Monday, June 23, 2008

COMMUNIQUES FROM A DEAD MAN

Dateline: June 17, 2008
Location: deep inside a prison cell in Florida

"FIGHT FOR FREEDOM OR DIE TRYING"


One beneficial side effect of all this focus on my writing, short stories, poems, memoirs, prison diary project, and the recent internet interview by my new friend, Hettie Jones, is there has been a sort of "literary cross-pollination," in which one topic or study has spun-off into others. For me it is a productive process - I can't seem to write fast enough - which may be driving my dear friend, Libby, to distraction, since she types all this output and translates it into legible English.

The Anne Frank diary project makes me think about my day, my thoughts, actions, and the thought and actions of those around me. Documenting all that - and I can only scratch the surface - spawns more ideas for stories and plays and brings back remembrances of prison experiences that I want to document and not allow to be lost in the ether.

This morning I wrote one of the few studies of what being "institutionalized" means, how it affects prisoners and the prison system, which will (hopefully) lead to discussion on how it negatively impacts society, and what to do about it.

Many people in prison are institutionalized, which to me means becoming so broken in spirit that they are unable to function on their own, that they accept and obey whatever the "authorities" tell them, right or wrong. They become like domesticated farm animals, neutered automatons who have no will of their own, part of the prison machine, content to absolve themselves of hopes and dreams for the future.

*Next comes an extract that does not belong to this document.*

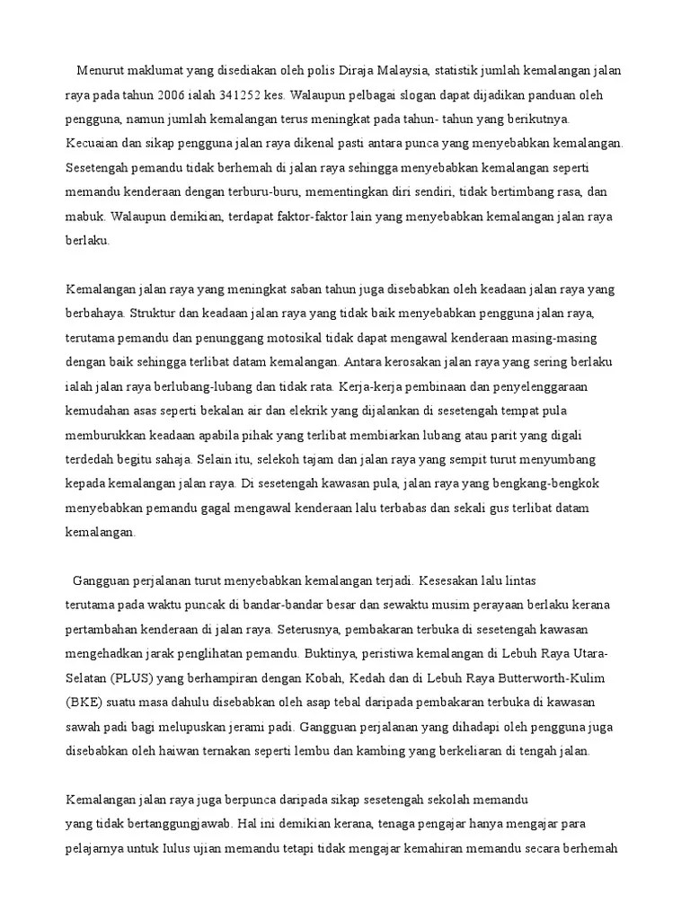 Contoh Karangan Kemalangan Jalan Raya Tahun 5 - Contoh Karangan Spm Punca Kemalangan Jalan Raya
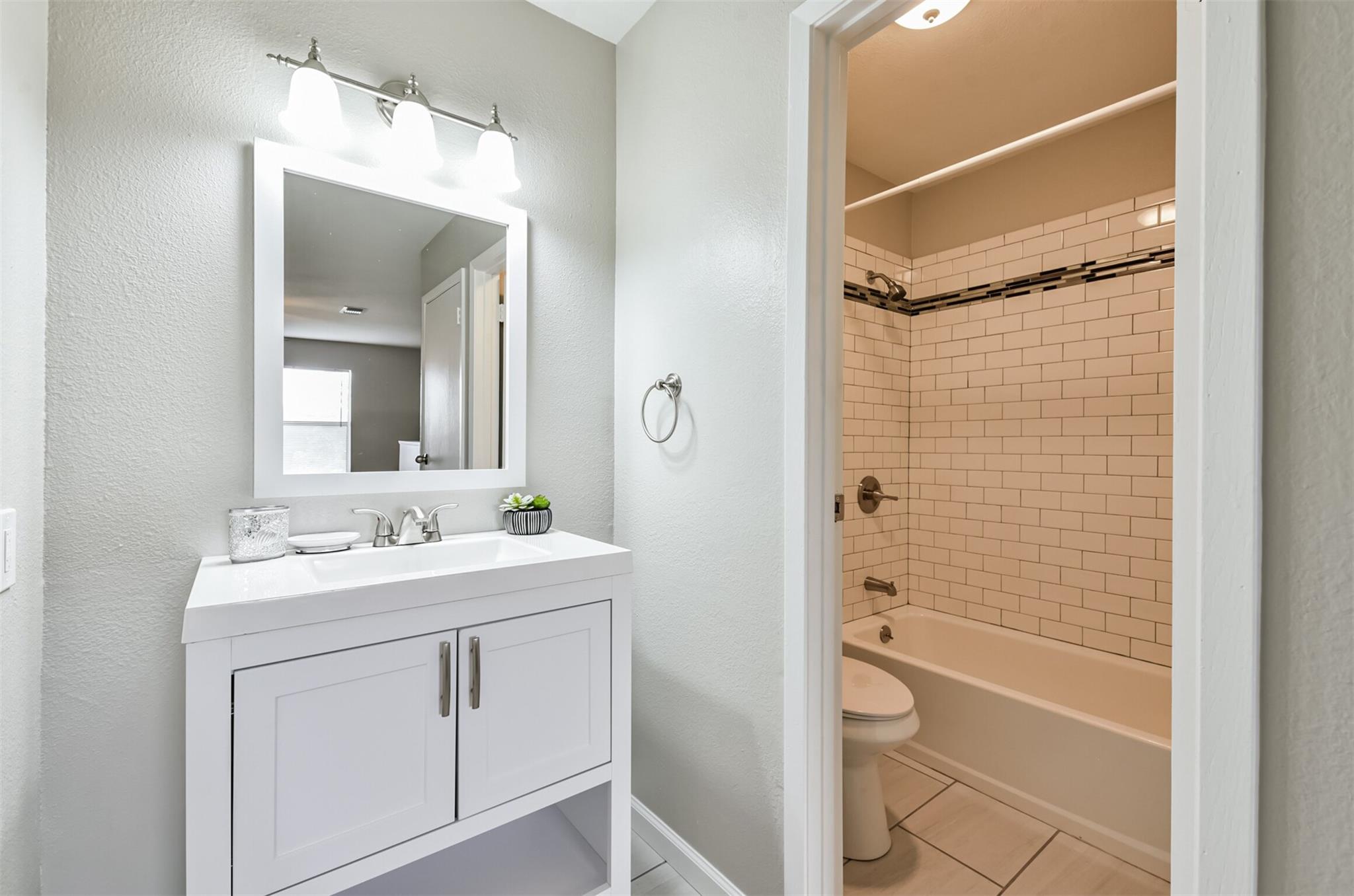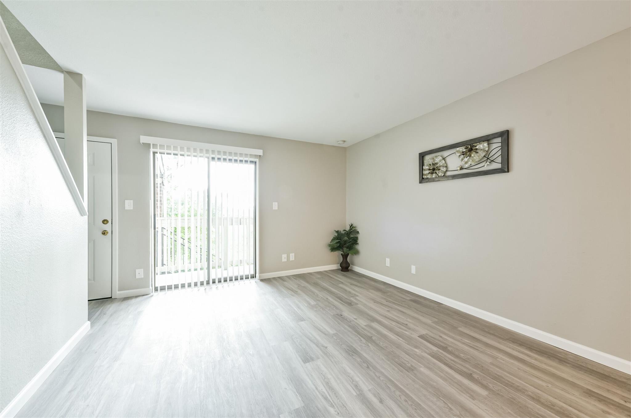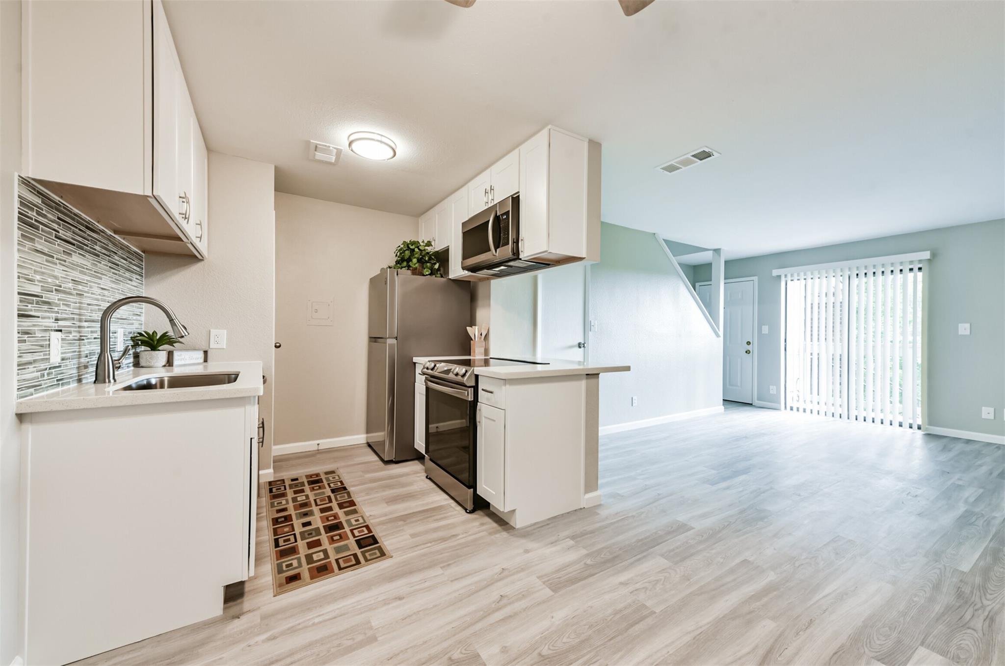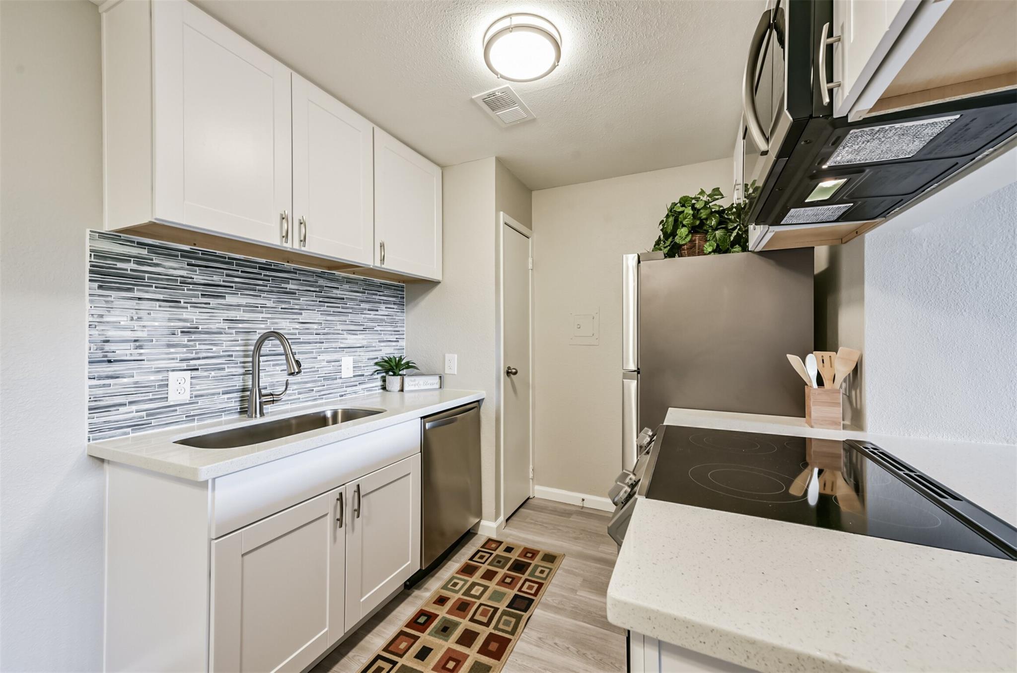 FULLY REMODELED 2 STORY CONDO IN GATED COMMUNITY!! Refrigerator, Washer, Dryer ALL INCLUDED! Vinyl plank downstairs with beautifully updated kitchen and newer appliances- slide in electric stove/oven, dishwasher, microwave, disposal. Quartz countertops, glass mosaic backsplash, shaker cabinets, undermount sink. Carpet on stairs and throughout the upstairs bedroom. Spacious closet, separate linen closest, newer vanity, and completely updated bathroom including toilet, tub, and all tile. Sherwin Williams designer color paint on all walls and closets. Blinds on all windows and sliding patio door. 2 assigned parking spaces in attached carport, directly below. Easy Access to I-45 for quick commute south to Galveston or head north to Downtown/Medical Center. This unit is great for either a owner occupant or makes an excellent rental. On the market now for sale or lease. Owner is broker.

The shame for America is that is the way the system has been set up, to break people's wills. so they can more easily control them. One problem is that when they take a person's free will, their ability to think and make independent decisions and break their spirit, they are left as empty husks. They don't replace what has been removed with anything. It might make prisoners more docile and easier to control, especially with the wide-spread dispensing of psychotropic drugs that dope them up, but what does this say about how our fellow Americans are treated?

The vast majority of prisoners will be released one day. Who do you want as your neighbor? Institutionalized, drugged out prisoners who've spent decades in cages are not going to rejoin society and become productive, law-abiding, tax-paying citizens. They will most likely become homeless bums or commit more crimes and return to prison, where they fit in and can function in a fashion.

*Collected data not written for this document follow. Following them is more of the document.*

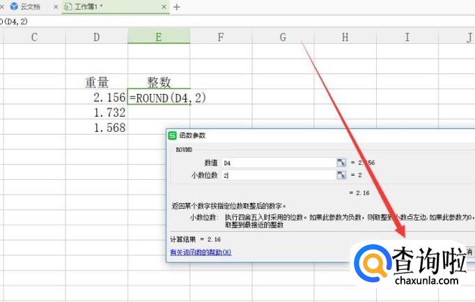 鼠标左键选择需要进行四舍五入的单元格,作为数值函数的参数,在小数位数里面输入想要保留的位数,如图所示。
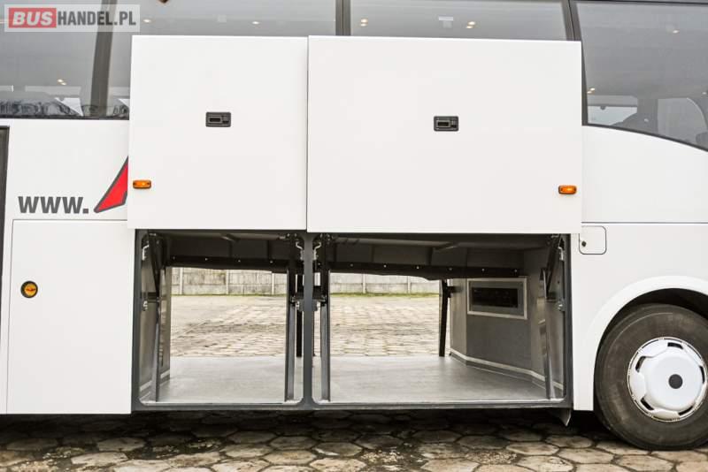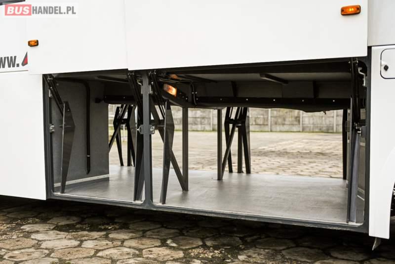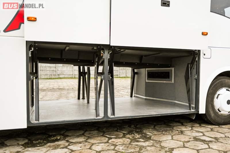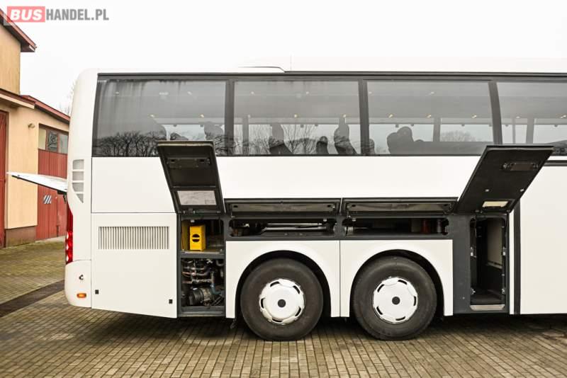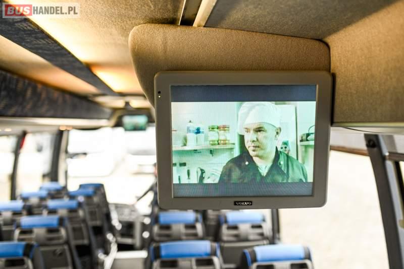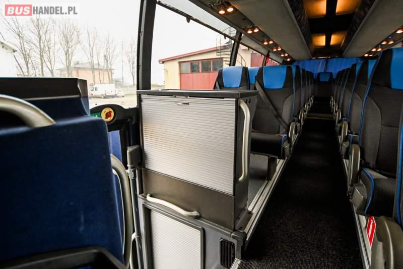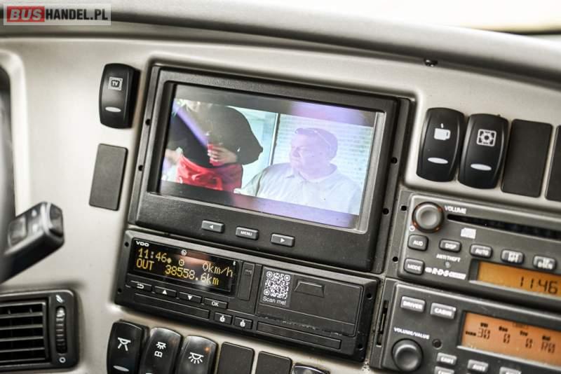 : klimatyzacja, WC, lodówka, caffebar, kabina sypialna, oświetlenie indywidualne, nawiewy dyszowe, podnóżki, stoliczki, siateczki, ABS, ASR, tempomat, retarder, telefon, CD, mikrofon, radio, fotele odchylane i rozsuwane, wyświetlacz matrix, sejf, regulacja wysokości nadwozia, centralny zamek, podwójne szyby boczne, wspomaganie kierownicy, elektryczne lusterka, ogrzewanie stacjonarne, DVD, ESP
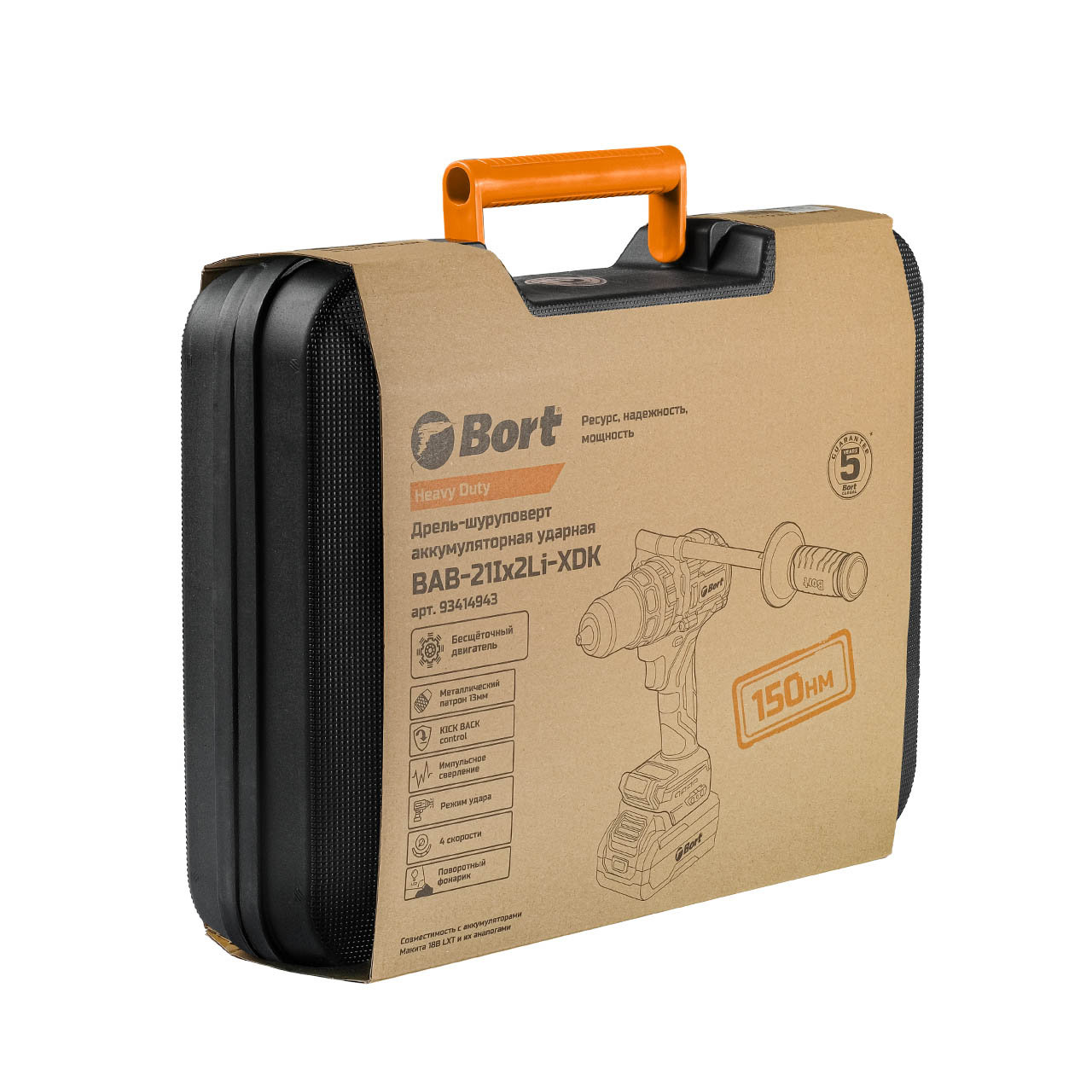 Дрель-шуруповерт Bort BAB-21IX2LI-XDK с АКБ и ЗУ

When I first came to prison, I was the clerk to the prison laundry manager, C.D. Connor. He asked an older black prisoner who'd been in and out of prison several times in his life what he was going to do when he got out this next time. I'll never forget what he said.

"Mr. Connor, I don't do too good on the street. I can't get a job. I eat out of the garbage cans behind McDonald's. I'll find me a cardboard box, maybe sleep under a bridge. In prison, it's different. I'm somebody in here. I've got a good job, I got money, a hustle, pressed clothes, a white boy, good food, cigarettes and coffee. What do I want to go out on the street for?"

No doubt that man was institutionalized. He was the product of the system. There are thousands.

I am not one of them. Many people are amazed when they talk to me, and I tell them I have been continuously incarcerated for over thirty years. How is that possible, all that time in prison, yet not be like most everyone else who has had a similar experience?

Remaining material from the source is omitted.